Given the large expectations, the market may be disappointed with the Budget, regardless of the real merits. This could turn into another case of "buy on rumour and sell on news" as indeed, many budgets are.
The post-election scenario has already seen some selling on news. The expectations of a BJP win drove the market into the stratosphere. There has been quite a bit of profit-booking since. One cause of disappointment has been the realisation that Narendra Modi doesn't have much in the way of political talent to tap for Cabinet appointments. Nor can he centralise decision-making at the Centre in the same manner that he famously did in Gujarat. He will have to empower the bureaucracy and ministers to take decisions and hope they get things right.

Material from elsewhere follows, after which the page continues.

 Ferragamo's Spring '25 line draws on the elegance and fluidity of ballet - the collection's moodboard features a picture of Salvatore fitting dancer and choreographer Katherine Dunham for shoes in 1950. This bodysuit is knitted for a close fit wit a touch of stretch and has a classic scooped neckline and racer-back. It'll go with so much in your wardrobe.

On the external front, the European Central Bank is indicating that it will keep money supply loose. The US stockmarket has rallied to new heights despite (or perhaps because of) one per cent contraction (annualised) in January-March 2014 GDP. This is being written off as weather-related, with strong growth and reduced jobless claims seen so far in Q2 (April-June).

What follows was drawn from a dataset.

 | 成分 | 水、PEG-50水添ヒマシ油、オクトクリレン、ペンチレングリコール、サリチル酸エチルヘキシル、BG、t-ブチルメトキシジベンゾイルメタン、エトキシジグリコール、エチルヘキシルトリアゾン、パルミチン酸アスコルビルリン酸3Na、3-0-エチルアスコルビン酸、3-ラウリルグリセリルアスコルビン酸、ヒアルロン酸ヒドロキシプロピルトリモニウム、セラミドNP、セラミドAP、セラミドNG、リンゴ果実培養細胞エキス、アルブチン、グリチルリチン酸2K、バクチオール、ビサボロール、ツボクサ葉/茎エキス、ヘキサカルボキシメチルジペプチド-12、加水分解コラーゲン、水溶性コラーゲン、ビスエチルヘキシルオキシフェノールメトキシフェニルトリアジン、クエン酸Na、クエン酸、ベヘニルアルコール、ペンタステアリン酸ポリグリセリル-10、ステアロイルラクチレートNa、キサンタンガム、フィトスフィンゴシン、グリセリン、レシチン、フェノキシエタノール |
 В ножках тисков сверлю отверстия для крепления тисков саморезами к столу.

The American Quantitative Easing 3 continues to be gradually scaled back. Now, there are also quiet murmurs out of Japan about a tapering of the 13-month quantitative expansion programme that is the foundation of Abenomics. If those rumours are substantiated, traders will revisit assumptions about the 6 trillion Yen (about $60 billion) that the Bank of Japan pumps out every month.
The Reliance-Network 18 announcement is being viewed with a degree of puzzlement since the RIL open offers are below current market prices in a couple of cases. The PricewaterhouseCoopers report on the MCX is believed to contain some damaging details about insider transactions. Further revelations on this front could be expected.
The options market has seen calming down. The Volatility Index or VIX indicates that implied volatility is falling, which is usually a sign of a bull market. Domestic institutional investors have been heavy net sellers through the election season. It will be interesting to see if there's a change in attitude.
There has been massive selling at close to Nifty 7,500 levels. There looks to be some support at the current 7,200 level and below, at roughly 50-point intervals. The Nifty could, therefore, range trade with an upside bias until such time as the Budget is announced.